Pet Health and Wellbeing: why regular checkups matter

Your pet seems healthy, so why should you bring them in for regular checkups?

There are three main reasons why we advise regular checkups:

1) To prevent health problems,
2) To detect any new problems as early as possible,
3) To monitor any existing conditions and maintain good health.

To give you an example of how regular checkups have really helped an animal, here’s the story of a little dog called Mouse.

Last year Mouse came in for her vaccination and checkup. Based on her examination, there was nothing wrong with her, which was good news! During the appointment, her vet asked about Mouse’s worming schedule and looked at her records to see which one she usually gets and when it was next due. These aren’t unusual questions for a vet to ask, but then Mouse’s vet is concerned about lungworm and goes on to explain that this is a new kind of worm, which has slowly travelled around the country and has come close to where Mouse lives. This new worm can grow inside Mouse’s lungs and make her cough, or even cause very serious, life-threatening problems. But they can also protect Mouse from it if they switch her wormer to a different one. So, by simply changed her old tablets to a different product, they have a way to prevent a potentially fatal disease from ever happening.

After changing her wormer, Mouse seems to be doing well – she loves her food; she loves to play. Every day she gives her owners the look. We all know “the look” from our pets, the one that asks, “c’mon where’s my breakfast?”.

But as many times as we feel like we know what our pets are thinking, the truth is they can’t talk to us. This means that as owners, there are limits to what we can know is happening with their health and wellbeing. So lots of diseases can be “hidden” for a long time, simply because we can’t talk to our pets. Many of these problems from kidney disease, to cancer, could be treated much more effectively if we can only catch them early.
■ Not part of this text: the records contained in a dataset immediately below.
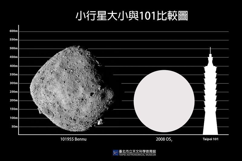將於周五掠過地球的2008 OS 7 小行星直徑接近台北101大樓。左為同是阿波羅族的貝努小行星,直徑約500公尺。圖/台北天文館提供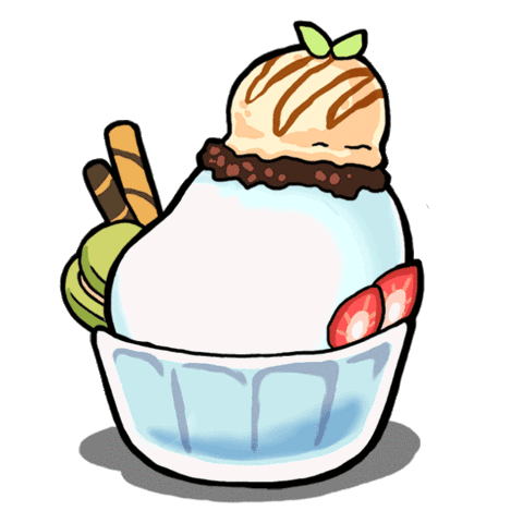 A cute, animated bingsu (shaved ice) dessert in a bowl, topped with ice cream, strawberries, and macarons, with musical notes floating around.
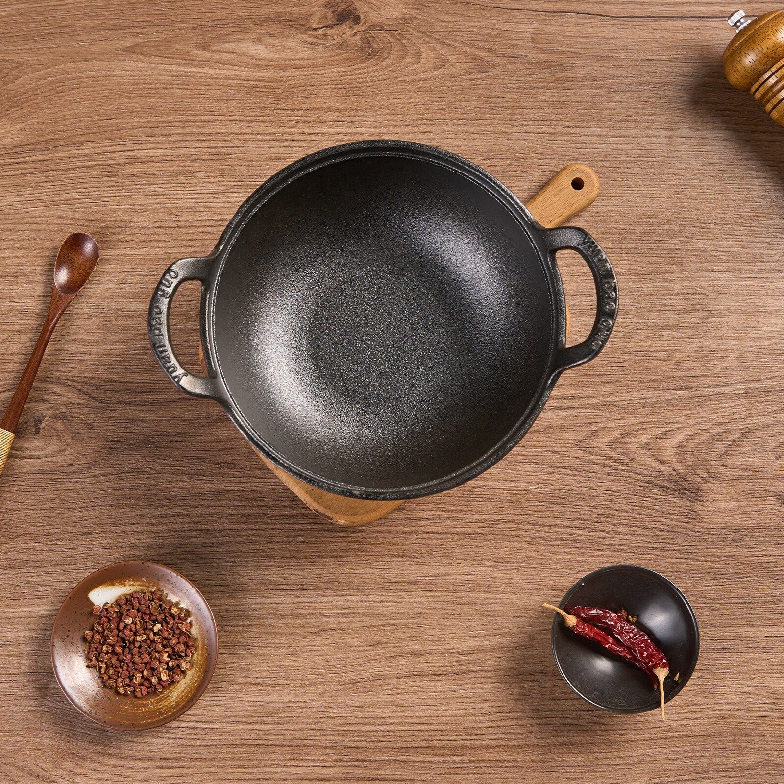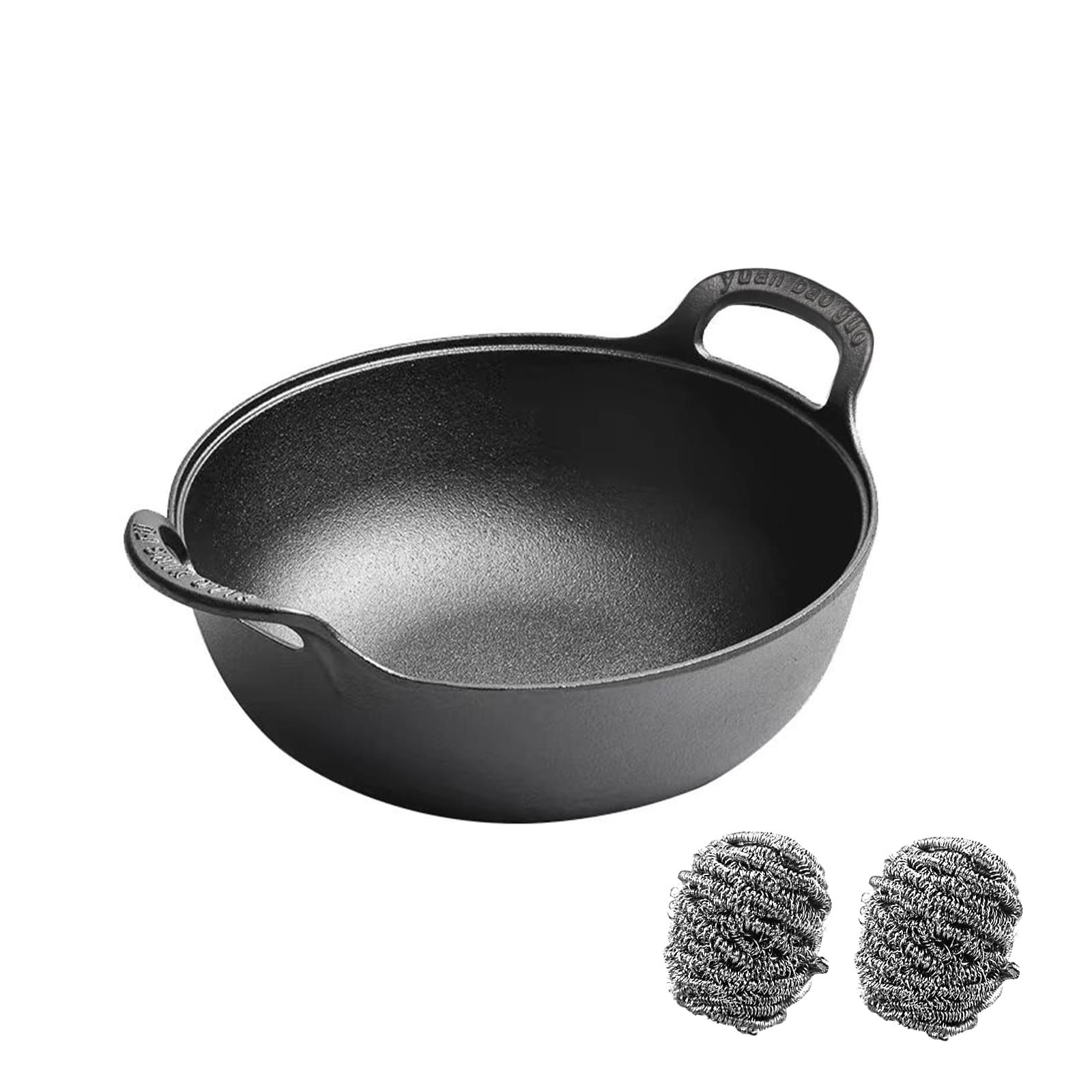 Healthy Cooking: The cast iron wok is made of high grade pure iron, with dual handles. It is an uncoated iron pot and can be used with confidence.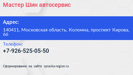 Мастер Шин, автосервис по адресу 140411, Московская область, Коломна, проспект Кирова, 66 в дальнейшем Организация, размещена в следующих категориях: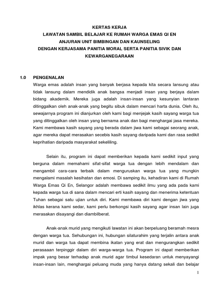 Kertas Kerja Lawatan Laporan Ke Rumah Warga Orang Tua Pdf Document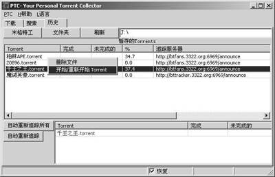 如果中途由于某些原因中断下载,可以重新运行PTC,单击打开“历史”选项卡,从列表中找到需要恢复的Torrent文件,单击右键,选择“开始/重新开始Torrent”,这时PTC会对该文件进行扫描并自动续传(图3)。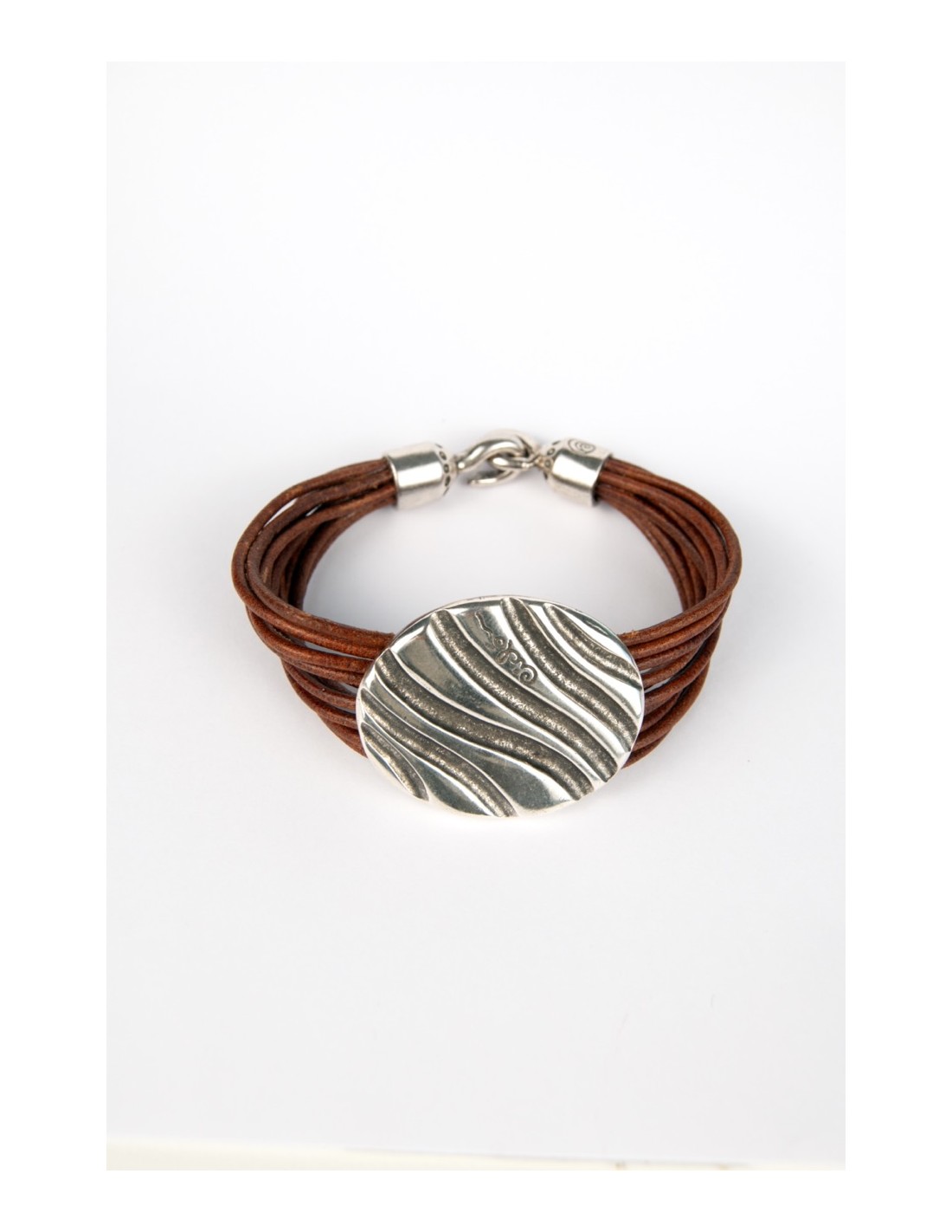 Un clásico que vuelve al juego. La pulsera Ondas combina varios cueros marrones con una pieza central ovalada de textura ondulada que aporta carácter sin esfuerzo. Cómoda, atemporal y con ese punto artesanal que conecta con todo tu look.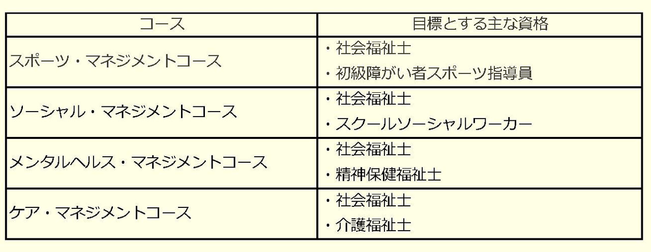 福祉関連の資格を持ちながら、地域医療、スポーツ、メンタルヘルス、企業・経営のマネジメントなどの専門性も兼ね備え、幅広い分野で活動できる新時代の福祉専門職をめざします。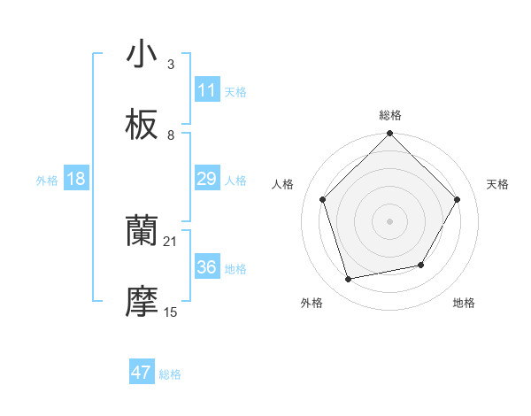 小板 蘭摩さんを姓名の画数から五運を鑑定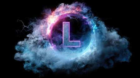 An illuminated letter L is centrally positioned within a glowing circle of energy, surrounded by wispy clouds and dynamic smoke effects. The color palette features a blend of vibrant blues, purples, and oranges against a dark background, creating a dramatic visual impact. This imagery could be suitable for digital design projects or graphic illustrations.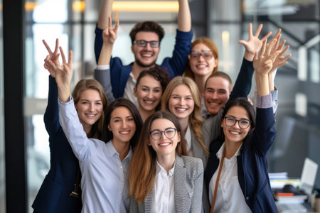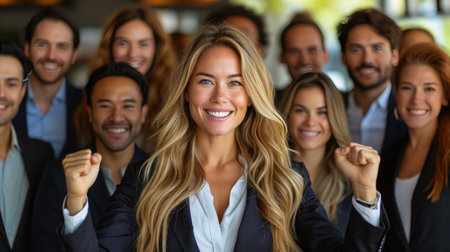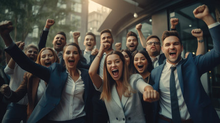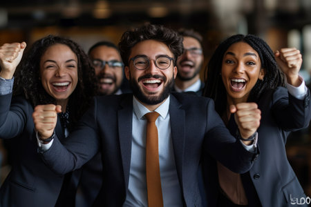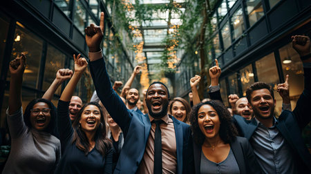 A happy and diverse team of coworkers celebrating a successful achievement in the workplace with enthusiasm and positivity. The group emanates teamwork, collaboration, and mutual respect

So, Mouse seems fine, but she can’t tell her owners that her elbow feels sore after she’s chased her ball around, so as far as her owners can tell, there’s nothing to worry about it. During Mouse’s recent check-up, they are gently reminded that she is getting older. In the past, her vet has talked to her owners about all sorts of things, including how Mouse is one of those dogs that get “the zoomies”. (If you haven’t seen “the zoomies” before – it’s a sudden burst of energy and excitement where dogs ‘zoom’ around their environment.) During the checkup, Mouse’s vet asks about if she still bounces on and off the bed. The question takes her owner by surprise a bit, but when they think about it, Mouse still zooms around the floor, but she doesn’t jump up and down anymore.

As the vet continues with her examination, she spends a little extra time feeling Mouse’s spine and then moving her back legs around. After a few minutes of what looks from the outside like it might be “Doggy Yoga”, she reports that Mouse is a little stiff with her left elbow, and when it bends it’s not quite able to move like her right leg. These could be signs of arthritis starting, so she gives some advice on what they can do to help and starts Mouse on a medicine trial for two weeks.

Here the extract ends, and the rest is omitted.